I’m not surprised by the existence of racism, sexism, or xenophobia—we’ve never come close to eradicating any of them. But, for much of my life, they’ve been forced underground and at least partially concealed. Trump legitimized bigotry and told America it’s OK to hate, blame, and discriminate. Now I know it was a message the majority of Americans were eager to hear, and that most of the progress we thought we’d made was never made at all.
Throughout this election season, I’ve watched as Hillary was crucified for every mistake or slip of the tongue. Last night, I listened as TV news commentators explained that voters were willing to “overlook” Trump’s campaign missteps in favor of a better financial future. Should I tell my daughters that half our country cares more about money in their pockets than the safety and lives of their friends, family members, and fellow Americans?
I’ve always believed in the good of enough people, but tonight I know I was wrong. There are good people among us, but we are not the majority; we may never be the majority. Progress isn’t a guarantee, and we are only as good as our people. Our people voted for their own self-interests, not the best interests of this country. Trump’s bigotry and narcissism are inescapable, and his victory means ours are, too.
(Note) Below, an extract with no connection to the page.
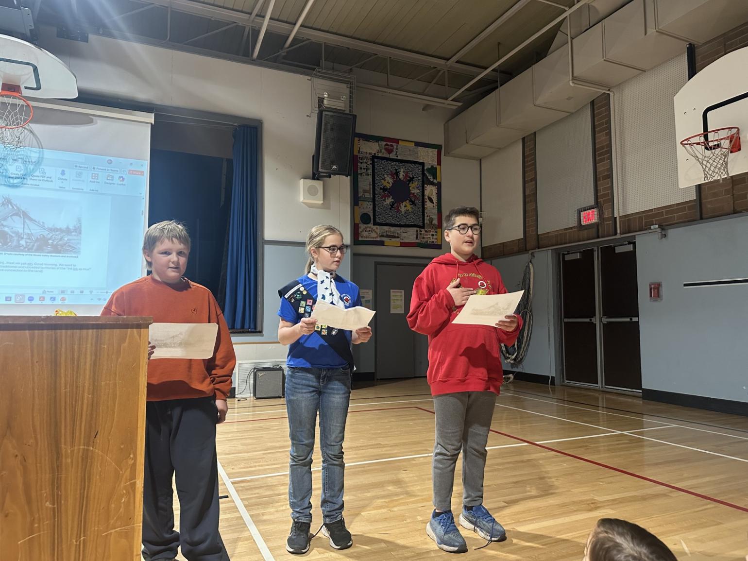 Ms. Omori read Why We Remember, a heartfelt book written and illustrated by students from Graysville School in Manitoba, which explains why November 11 is so significant. Brave students recited the Act of Remembrance and the Commitment to Remember, followed by the solemn proclamation: “We will remember them.” Another group recited In Flanders Fields, reminding us of the enduring legacy of those who served.

I don’t know where to go from here. Our country’s foundation has turned red, from presidency to Congress to eventual Supreme Court justices, and there will be no balances to check their power. Every gain we’ve fought so hard to win will be lost, and instead of electing our first woman president, we elected a man who has no respect for women. Our crowning achievement has become our crowning failure.
There is no such thing as unity bought with human lives, and history is full of how that story ends. I won’t pretend to myself or my daughters that what happened here wasn’t abominable, and I won’t rally behind a man who will never represent the America I’ve believed we can be. But it breaks my heart to know that America was always just a dream, and it may never be a reality.
I don’t have any pep talks, pat answers, or kumbayas to sing. All I have is a deep, dark pit of fear and betrayal in my gut, and a shame in my country that goes far beyond one man. It was easy to dismiss Trump; it’s impossible to dismiss half this nation. My own father voted for Trump. There is nowhere left untouched by his dank reach, and this is only the beginning.
After 9/11, I spoke out against the attacks against Afghanistan and Iraq. I was called a traitor and told to get out of this country. I was told that real patriots support their government and their soldiers, no matter where they lead us. I knew then that I could never do that. I can only support this country when it acts with righteousness, and tonight I am bracing myself just as I did those days after 9/11 when the skies were still empty.
No one knows exactly what a Trump presidency will look like, but it could be disastrous. It will unravel the fabric of what our country was founded upon, and it will lie and tell us it’s for our own good. As a woman, at least I’m already used to that.
I’m not going to pretend there’s a benevolent universe anymore. I’m certainly not going to put my trust in the goodness of others. But I will push back with both hands against the tide that tells me my interests are the only interests, or that this love song to capitalism is what life’s all about.
I don’t know what to tell my daughters today except that not all just battles are won and not all winners are victors. We will cry together, console each other, and pick ourselves up and keep fighting for what we believe in. Even if we will lose anyway—especially if we will lose anyway.